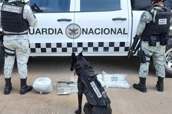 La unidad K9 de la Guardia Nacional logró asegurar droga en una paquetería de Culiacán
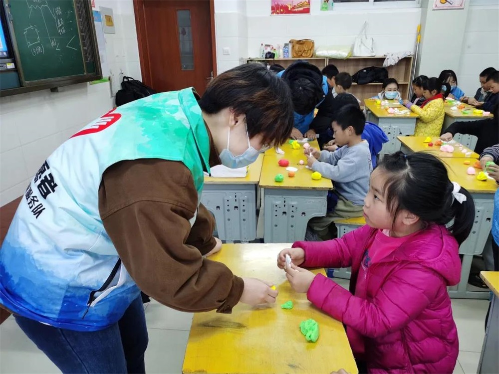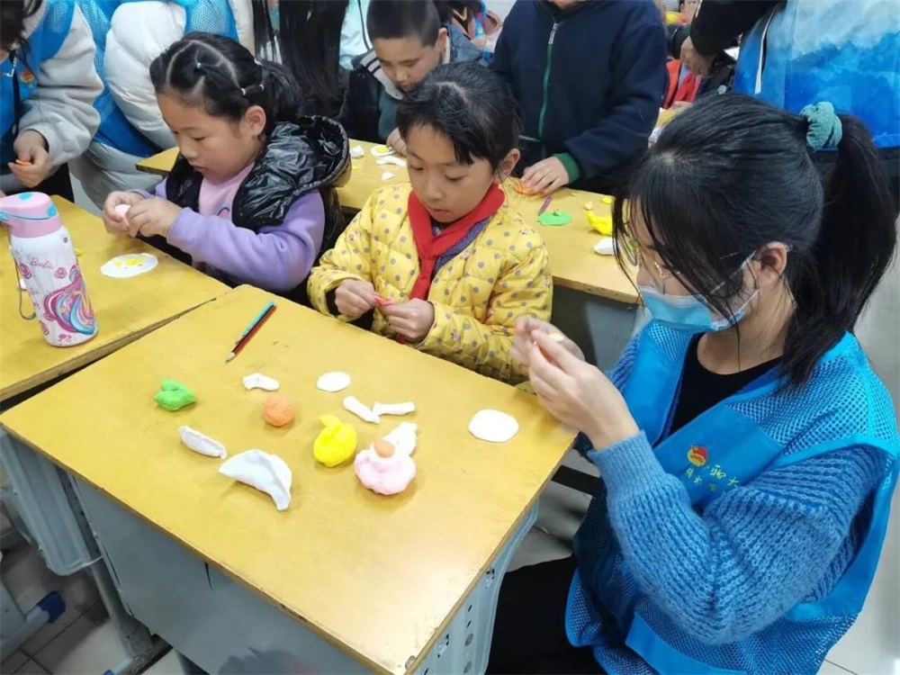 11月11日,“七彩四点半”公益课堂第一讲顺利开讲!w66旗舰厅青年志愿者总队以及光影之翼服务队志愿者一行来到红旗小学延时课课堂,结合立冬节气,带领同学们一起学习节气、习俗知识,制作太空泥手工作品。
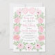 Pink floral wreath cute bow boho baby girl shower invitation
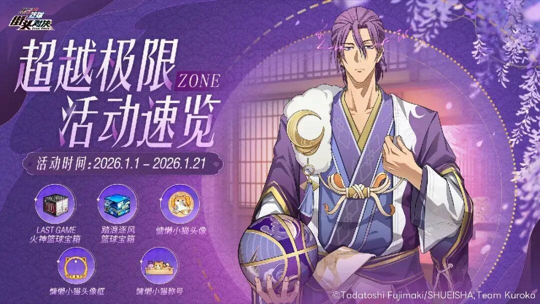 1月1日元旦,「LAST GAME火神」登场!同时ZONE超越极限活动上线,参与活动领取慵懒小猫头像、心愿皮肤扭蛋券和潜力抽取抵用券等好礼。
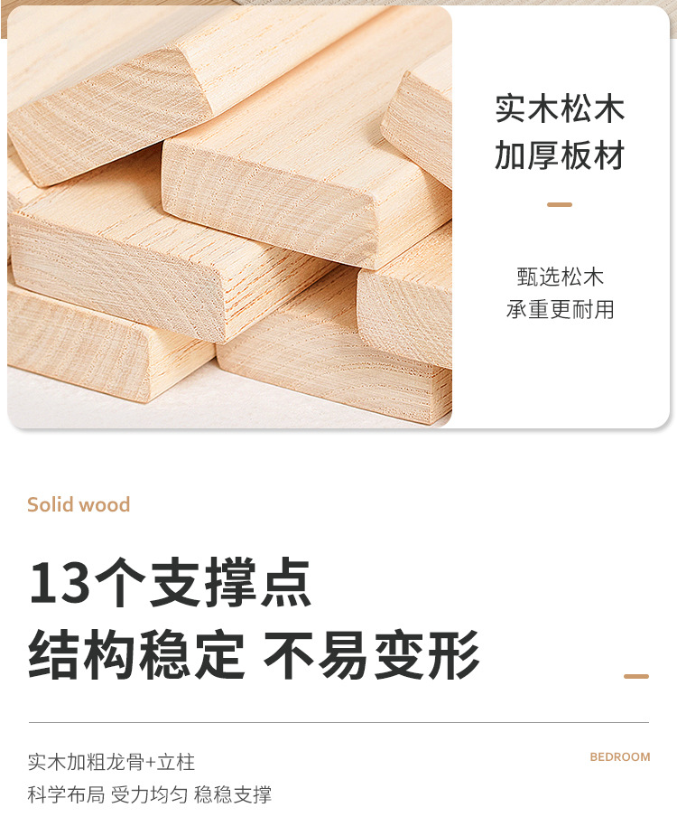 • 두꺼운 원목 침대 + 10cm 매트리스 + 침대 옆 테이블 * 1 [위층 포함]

- - - - - - -

Your goal: The entries need to be restated exactly, and their pictures left out.

Task result:
 La unidad K9 de la Guardia Nacional logró asegurar droga en una paquetería de Culiacán
 11月11日,“七彩四点半”公益课堂第一讲顺利开讲!w66旗舰厅青年志愿者总队以及光影之翼服务队志愿者一行来到红旗小学延时课课堂,结合立冬节气,带领同学们一起学习节气、习俗知识,制作太空泥手工作品。
 Pink floral wreath cute bow boho baby girl shower invitation
 1月1日元旦,「LAST GAME火神」登场!同时ZONE超越极限活动上线,参与活动领取慵懒小猫头像、心愿皮肤扭蛋券和潜力抽取抵用券等好礼。
 • 두꺼운 원목 침대 + 10cm 매트리스 + 침대 옆 테이블 * 1 [위층 포함]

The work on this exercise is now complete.